# Fitting cruise control



## Kirbz73 (Nov 22, 2015)

After reading several posts about retrofitting cruise I have stumped up £300 and bought one from Conrad andersons 

So has anyone fitted this themselves? Looks fairly straight forward with most of the wiring just plug and play!?

If anyone has done this and can offer any tips?

Was going to do it this weekend but been snowed off lol


----------



## eurajohn (May 9, 2005)

Need more info as to what base vehicle your van is and exactly which kit you have purchased.

.


----------



## H1-GBV (Feb 28, 2006)

From memory, I paid less than £300 for Dave Newall to supply and fit mine (5y ago).


----------



## Kirbz73 (Nov 22, 2015)

Sorry it's a fiat ducato cab with the 3.0 ltr 160 multi jet engine.

It was more expensive and from what other people paid it seems around £450 fitted would be about the going rate so £330 and me fitting it seemed reasonable


----------



## rayrecrok (Nov 21, 2008)

Watching two retro fits one on my present van and the other on my last van made me realise it is something I would never attempt, even though I am quite handy, the installation is just too fiddley and has to be 100% spot on, not just the installation but the setting up of the thing..

Leave it to the guys who are fitting the things all the time, they have the tools and the means of working under the van easily..

ray.


----------



## Kirbz73 (Nov 22, 2015)

Looks like only 6 wires from the brief look at the instructions so hoping it's fairly easy.

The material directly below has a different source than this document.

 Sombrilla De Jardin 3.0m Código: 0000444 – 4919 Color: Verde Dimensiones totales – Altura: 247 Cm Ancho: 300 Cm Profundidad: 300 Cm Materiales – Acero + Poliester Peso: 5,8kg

I'm pretty handy so hoping it won't be too hard


----------



## Mrplodd (Mar 4, 2008)

I have a nagging suspicion that the ECU needs to be "told" that cruise control is fitted and THAT is not a DIY job. (But I could be wrong of course, worth checking)

Andy


----------



## Sprinta (Sep 15, 2010)

I had a read through of the fitting instructions for exactly this unit just a week ago, in the main it appears to be mostly plug'n'play with just 3 or 4 connections to be made

However, the instructions were missing the correct wiring diagram and details and had to be obtaiojed direct from Conrad Anderson to allow it all to make sense - I hope you got it all in your package. You need to make sure you have the info that tells you where to tap in


----------



## eurajohn (May 9, 2005)

I've not fitted that actual version but am pretty sure if you have got the canbus version kit you will find it very straightforward, virtually plug and play.


----------



## Kirbz73 (Nov 22, 2015)

eurajohn said:


> I've not fitted that actual version but am pretty sure if you have got the canbus version kit you will find it very straightforward, virtually plug and play.

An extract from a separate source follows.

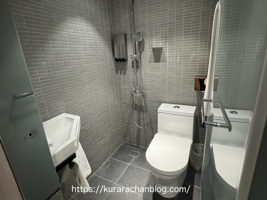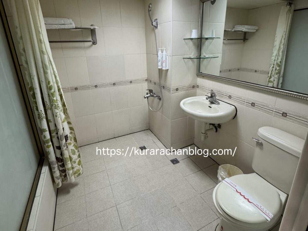 ここはとにかく狭すぎる&シャワーカーテンも無いので、トイレがびしょびしょになるのはもちろんだけど、トイレットペーパーも危なくない!?びしょびしょになるんちゃう!?とひやひやしました。

Yes it's the canbus version so hoping it's pretty simple, hoping to fit it this weekend


----------



## powerplus (Oct 6, 2014)

please kep us informed as i would like 1

barry


----------



## Kirbz73 (Nov 22, 2015)

powerplus said:


> please kep us informed as i would like 1
> 
> barry


I will take some pics as I go and if it goes ok will do a write up on it


----------



## bob-in-dav (Aug 11, 2013)

I fitted what appears to be the universally available aftermarket system from Bridgewater Electronics.

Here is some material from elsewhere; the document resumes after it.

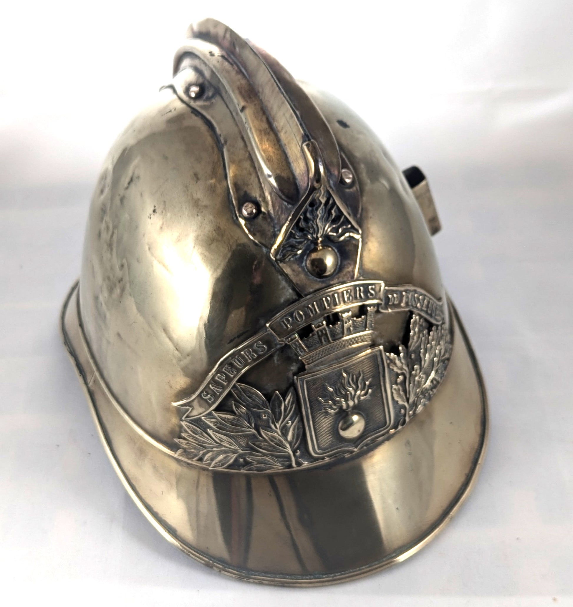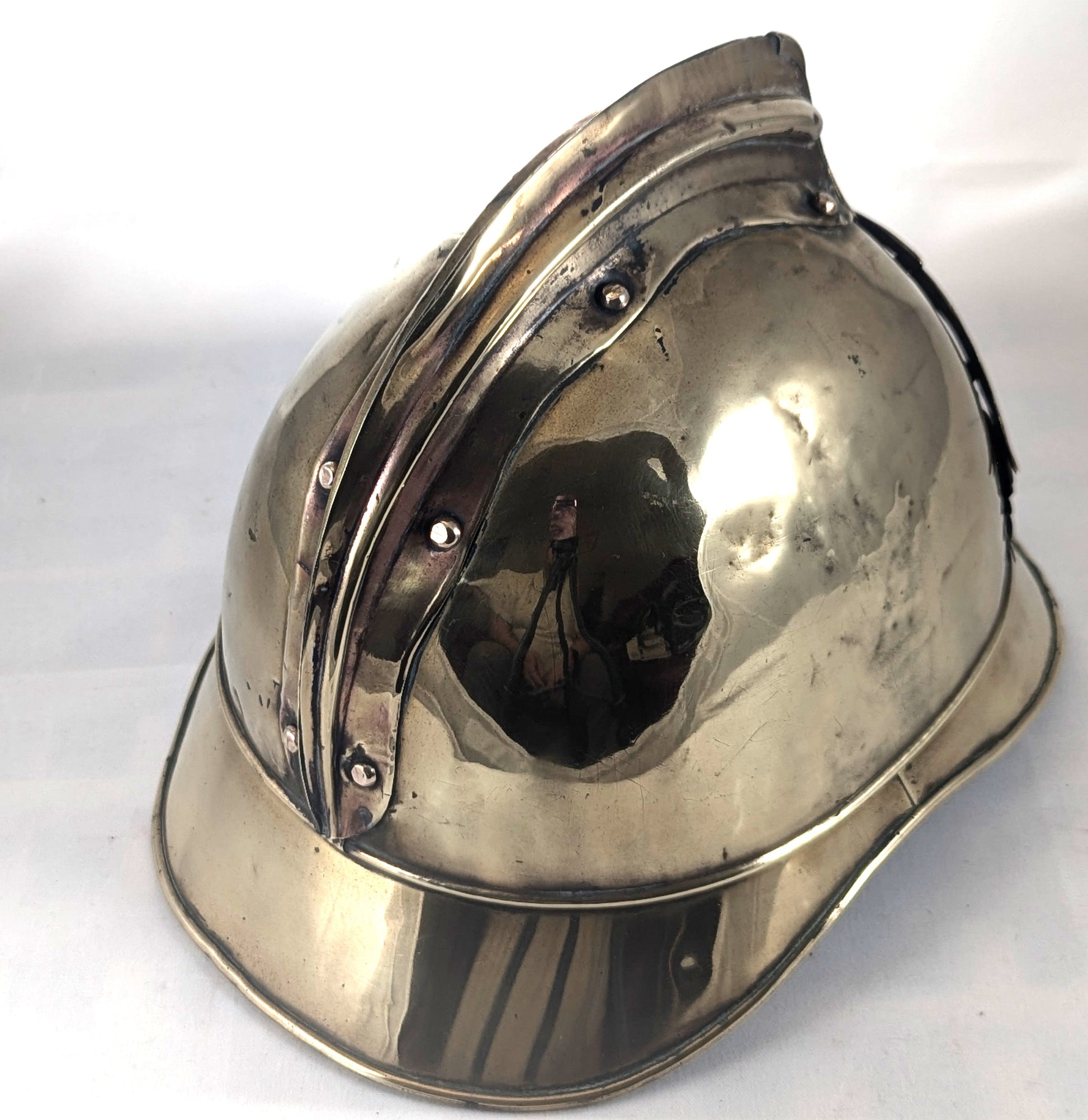 Introducing the exquisite French Sapeurs Pompiers De Fosseuse Fireman's Helmet, a stunning piece that encapsulates the rich history and tradition of fire-fighting in France during the late 19th century. This original brass helmet stands as a testament to the craftsmanship of its time, making it an exceptional addition to any collection.

Dead easy to do and if my memory serves me correctly it took longer to fit the control stalk than any other part.

My m/h is Peugeot Boxer based and I found a canbus node behind the radio which was much easier to hook up to than the diagnostic socket.

It amazed me how many wires are NOT connected or needed. (Other canbus capabilities)

Read the stalk instructions carefully when commissioning - it's very easy to mistake up and forwards when first turning on!


----------



## Kirbz73 (Nov 22, 2015)

From having a quick read it looks like one canbus plug to the loom, wires to the pedals, one positive and one other that goes to the fuse box or ecu can't remember but only 6 wires


----------



## bob-in-dav (Aug 11, 2013)

Kirbz73 said:


> From having a quick read it looks like one canbus plug to the loom, wires to the pedals, one positive and one other that goes to the fuse box or ecu can't remember but only 6 wires


I seem to remember unplugging loom from accelerator pedal and attaching a harness between the two which had a branch coming off for the canbus module.
Plug in stalk and connect to can high and can low.


----------



## bob-in-dav (Aug 11, 2013)

This picture shows the canbus node that I found behind the radio on my motorhome.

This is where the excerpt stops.